Choline Polymorphisms in FASD

ABSTRACT This exploratory/developmental UH2 pilot application to CIFASD addresses the need for improved intervention in Fetal Alcohol Spectrum Disorder (FASD), a leading cause of life-long behavioral and cognitive disability. This proposal focuses on the nutrient choline, a one-carbon donor that is essential for healthy brain

development. Polymorphisms in choline-metabolizing genes affect its synthesis, transport, and utilization, and thus affect choline need and efficacy of its use. Strong preclinical data show that choline supplementation – both in utero and postnatally – mitigates the cognitive deficits due to prenatal alcohol exposure (PAE). Clinical

studies have more nuanced outcomes, and choline supplements confer more modest or even no benefit; however, variables including age, developmental brain stage, and duration confound the interpretation. Our recent SNP analysis of subjects in the Wozniak intervention found that polymorphisms in the choline

transporter SLC44A1 (CTL1) predict who benefited most from choline; specifically, subjects having minor alleles in SLC44A1 have the greatest memory improvement when given supplemental choline. SLC44A1 is ubiquitous and its activity is reduced by low choline intake, and these minor alleles further reduce its activity.

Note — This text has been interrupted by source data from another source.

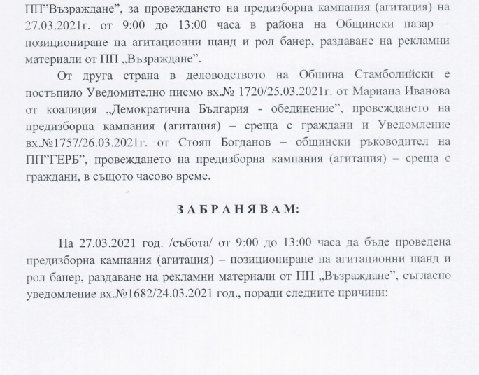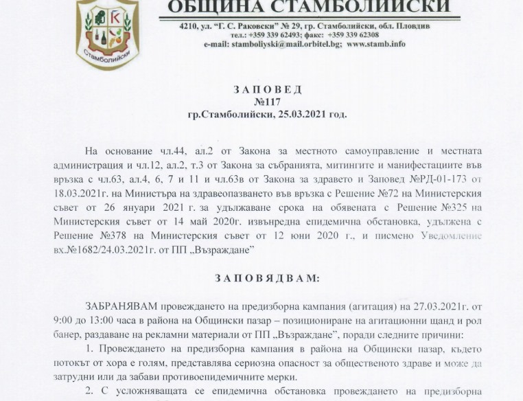 Кметът Мараджиев, в старанието си да даде предимство на своята партия, не се свени да погазва закона и конституционно гарантираните права на гражданите, както и Изборния кодекс. Все пак, човекът е на властова позиция, защо да не помогне? В четвъртък издаде заповед, с която забрани на политическа партия Възраждане да проведе предизборна агитация в град Стамболийски на 27.03.2021 г., защото според него, сме представлявали сериозна опасност за общественото здраве и провеждането на предизборната кампания щяла да затрудни или забави противоепидемичните мерки.
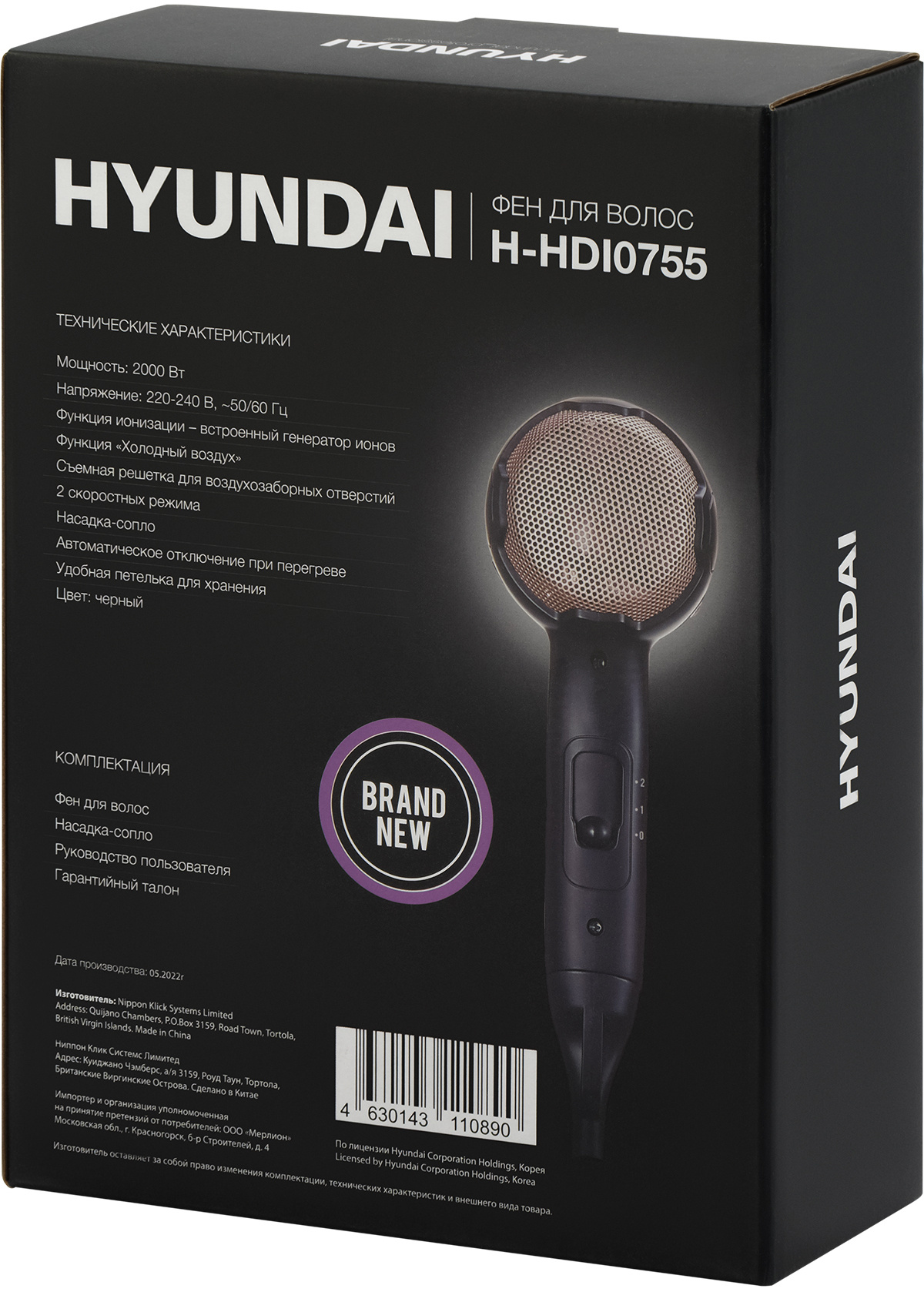 Фен "Hyundai" H-HDI0755
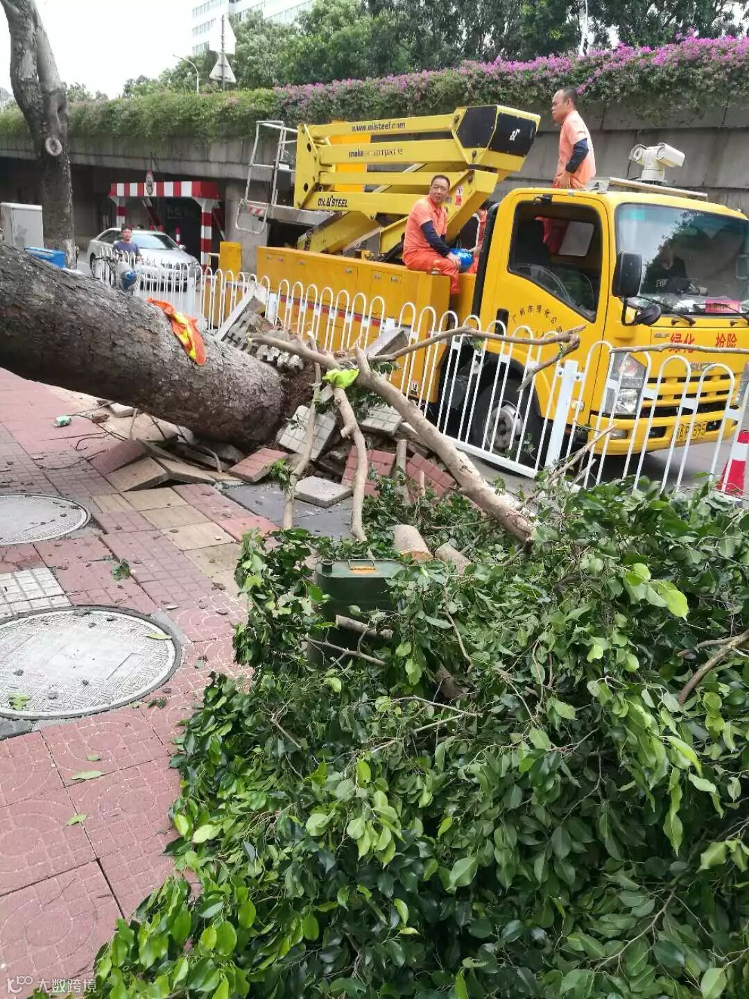 城市绿化抢险队启动绿化抢险应急行动预案,履行服务承诺,保障台风登陆期间抢险救援顺利进行。
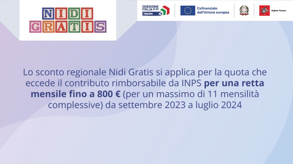 A maggio sarà approvato dalla Regione l’elenco dei nidi presso i quali sarà possibile beneficiare della misura.
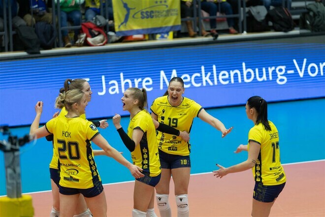 «Пальмберг Шверін» без проблем розібрався з «Флахтом» у 19-му турі Бундесліги Команда «Пальмберг Шверін», у складі якої виступає гравчиня збірної України Анна Артишук, здобула переконливу перемогу у рамках 19-го туру регулярного чемпіонату Німеччини з волейболу, обігравши «Флахт». Господарі майданчика контролювали перебіг усіх трьох сетів і здобули впевнену перемогу з рахунком 3:0. У перших двох сетах «Пальмберг» переважав суперниць як у грі на сітці, так і в атаці. Анна Артишук також зробила вагомий внесок у результат команди, набравши 5 очок. Після цієї перемоги «Пальмберг Шверін» займає друге місце в турнірній таблиці, відстаючи від лідера на 8 очок. Бундесліга. Жінки. 19-й тур, 13 лютого Пальмберг Шверін – Флахт – 3:0 (256:12, 25:12, 25:19)
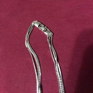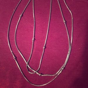 Silver necklace that is simple and chic. Has cute little beads to break up the tiers.

Thus, those with the minor alleles are the most vulnerable to choline inadequacy and benefit most from its supplementation. Here, we collaborate with CIFASD investigators to investigate the role of SLC44A1 in FASD. Specifically, we hypothesize that polymorphisms in SLC44A1 significantly influence behavioral outcomes in

FASD, in both the presence and absence of choline intervention. Aim 1 tests the hypothesis that, within the Ukrainian intervention trial, those PAE pregnancies with minor alleles in SLC44A1 derive the greatest cognitive benefit from choline supplementation. Aim 2 tests the hypothesis that, of individuals diagnosed with FASD and

not receiving choline, those having minor alleles in SLC44A1 will have the poorest cognitive performance. Aim 3 expresses these minor allelic proteins in a human neuronal lineage, to understand the functional consequence of these variants to choline transport and metabolism. Aims 1-2 utilize the CIFASD database, in

a collaboration with CIFASD investigators Christina Chambers, Tatiana Foroud and Jeffrey Wozniak, and with choline expert Steven Zeisel. These findings (i) identify who benefits most from choline intervention; (ii) informs how choline improves outcomes in FASD; and (iii) enables optimization of the choline intervention. This study

represents the first application of Personalized Medicine to FASD. The results position us to join a CIFASD U01 that would validate SLC44A1's influence in an independent cohort of gestational substance abuse, with testing for additional choline-related polymorphisms that further influence response to choline intervention.